Small errors in semantic segmentation, initial coarse reconstruction and 3D pose are handled gracefully by the proposed method. This is evident from Fig. 9 where the initial semantic segmentation MRCNN has small errors and the final result of the proposed method improves the semantic segmentation. However, large errors over successive frames in semantic segmentation propagate through the optimization, which reduces the quality of the final segmentation and reconstruction as seen is Fig. 16.The final reconstructions look incomplete because of large errors in initial semantic segmentation.

Also errors in the initial coarse reconstruction, for example an incomplete initial coarse reconstruction with missing human limb will lead to incomplete final reconstruction. Gross errors in 3D pose estimation for crowded scenes may lead to errors in the final reconstruction. Failure or errors in key-frame detection only slightly degrades the quality of the flow estimate from the proposed approach. Although 3D human pose helps in robust 4D reconstruction of interacting people in dynamic scenes, current 3D pose estimation is unreliable for highly crowded environments resulting in degradation of the proposed approach.

5 Conclusions

This paper introduced the first automatic method for 4D dynamic scene understanding of multiple interacting people from multi-view video that does not need any ground-truth data for training or manual intervention. A novel joint flow, reconstruction and semantic instance segmentation estimation framework is introduced exploiting 2D/3D human-pose, motion, semantic, shape and appearance information in space and time.

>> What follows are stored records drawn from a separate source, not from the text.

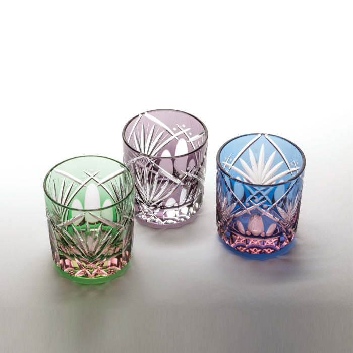工芸士が手作業でカットした江戸切子。 伝統的あるいは創作された文様で構成されています。光の拡散性の高いソーダ硝子を生地に使用しています。彩鳳でデザインから制作まで一貫しておこなっています。
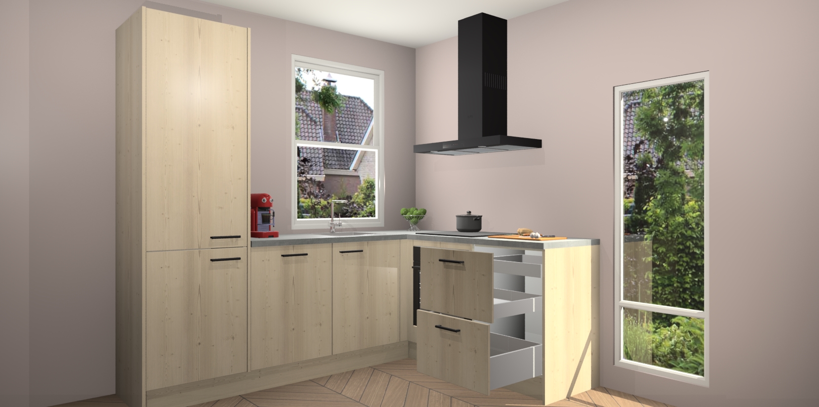 De prachtige Vuren keuken Phuket is de perfecte keuze als u op zoek bent naar een moderne hoekkeuken met alle luxe en comfort die u kunt verwachten! De uitstraling in het houtlook-design draagt bij aan de warme sfeer die u nu al voelt wanneer u er naar kijkt. Heeft u genoeg van ouderwetse keukens? Probeer dan direct deze moderne, mooie hoekkeukens en laat iedereen verbluft achter!
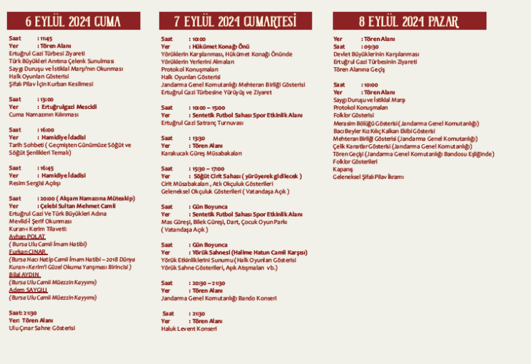 7 Eylül Cumartesi günü yapılacak etkinlikler, saat 10:00’da Hükümet Konağı önünde Yörüklerin karşılanmasıyla başlayacak. Protokol konuşmalarının ardından, Mehteran Birliği gösterisi ve Jandarma Genel Komutanlığı’nın gösterilerinin ardından Ertuğrul Gazi Türbesi’ne yürüyüş gerçekleştirilecek.
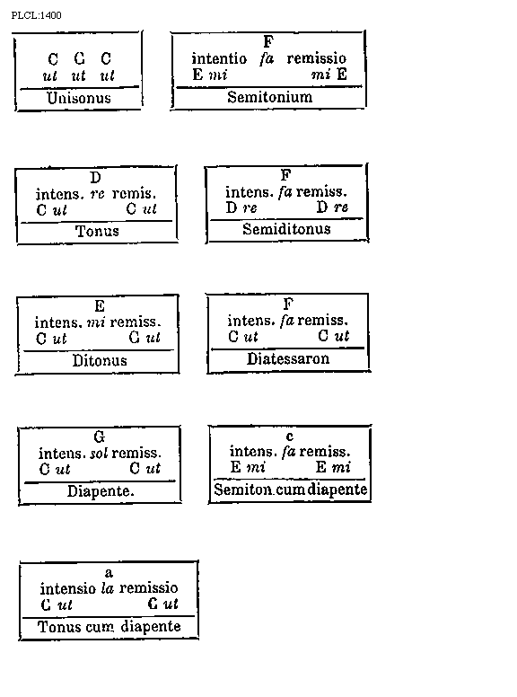 [PLCL:1400; text: C ut, D re, E mi, F fa, G sol, a la, c fa, intensio, remissio, intentio, Unisonus, Semitonium, Tonus, Semiditonus, Ditonus, Diatessaron, Diapente. Semitonium cum diapente, Tonus cum diapente]
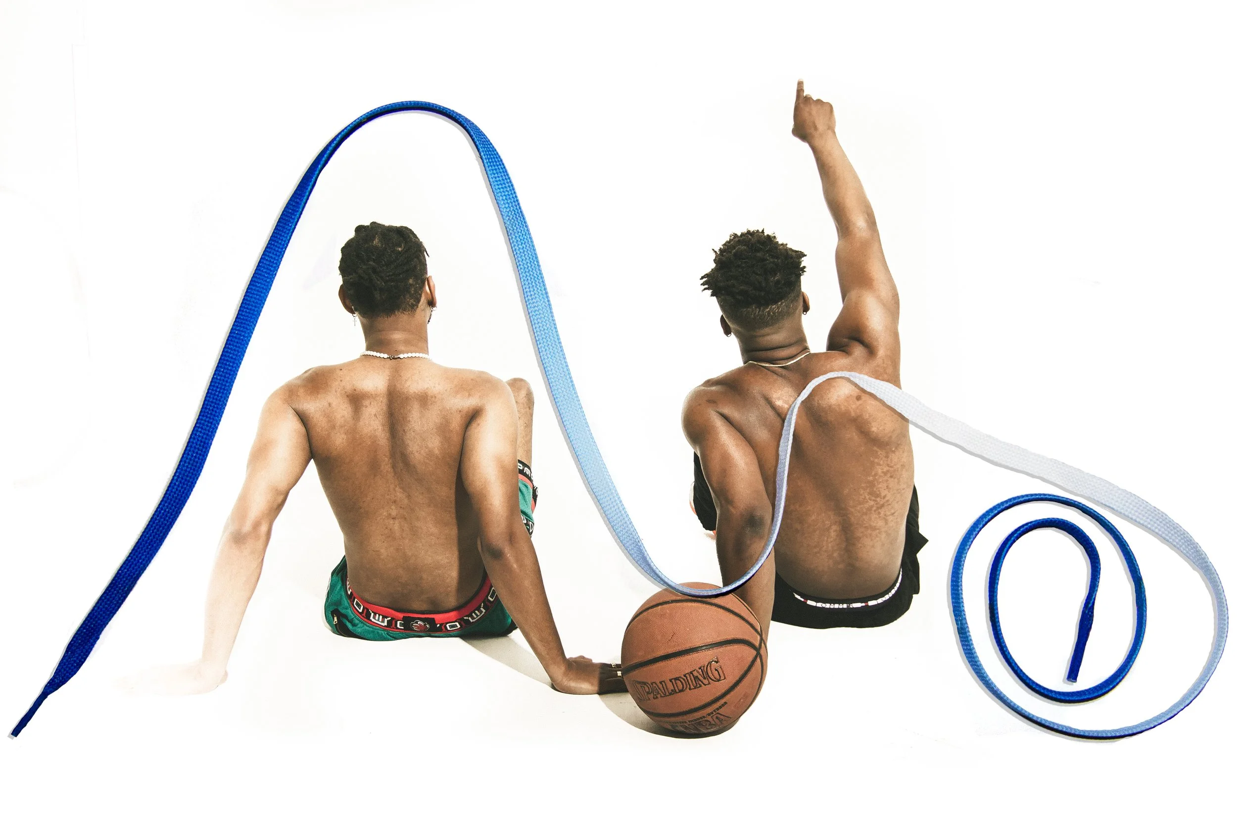 The placement of shoelaces adorning each image amplifies the sentiment of childlike play, a dreamlike aura, while evoking a poignant nostalgia that arises with the realization of nurturing talents outside the comfort of their home.
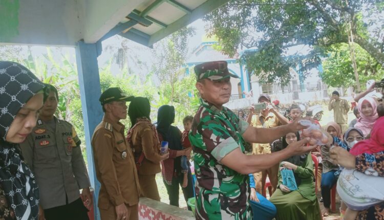 Peduli Penderita Stunting, Danposmil Mekarjaya Pandeglang Berikan Telur Kepada Balita
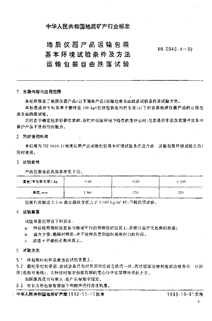 DZ 0040.4-1992 地质仪器产品运输包装基本环境试验条件及方法 运输包装自由跌落试验
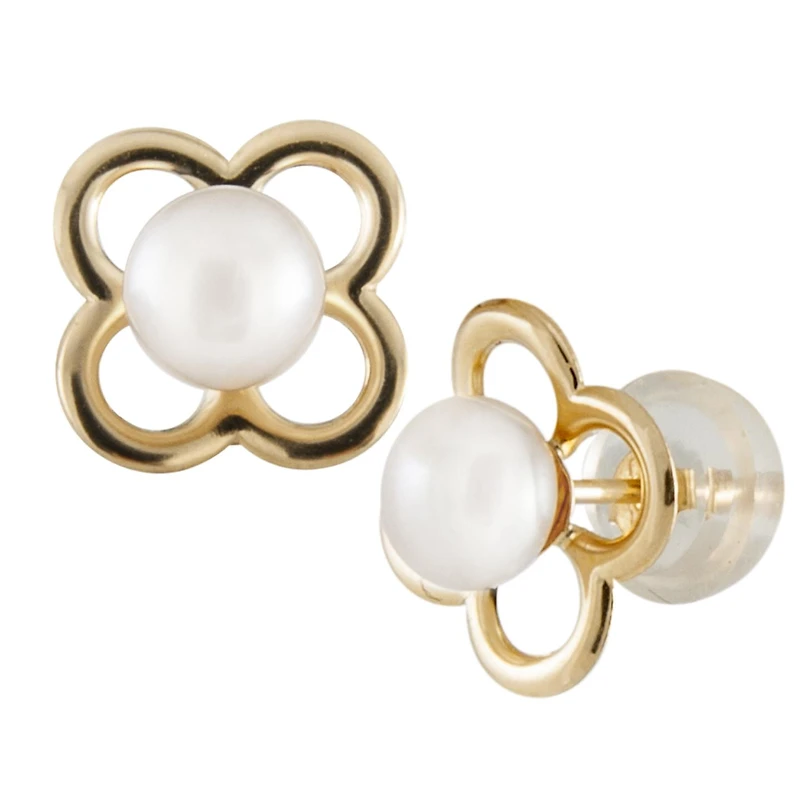 14K Yellow Gold 4-4.5mm White Freshwater Pearl Earrings

Ablation study on the joint optimisation demonstrates the effectiveness of the proposed scene understanding framework for general scenes with multiple interacting people. The semantic, motion and depth information per view is fused spatially across views for 4D semantically and temporally coherent scene understanding. A fully automatic system is presented for multiple view semantic instance segmentation, 4D reconstruction and motion estimation from moving broadcast cameras to allow full 4D scene understanding of in the wild sports data such as soccer. Extensive evaluation against state-of-the-art methods on a variety of complex indoor and outdoor datasets with large non-rigid deformations demonstrates a significant improvement in the accuracy in semantic segmentation, reconstruction, motion estimation and 4D alignment.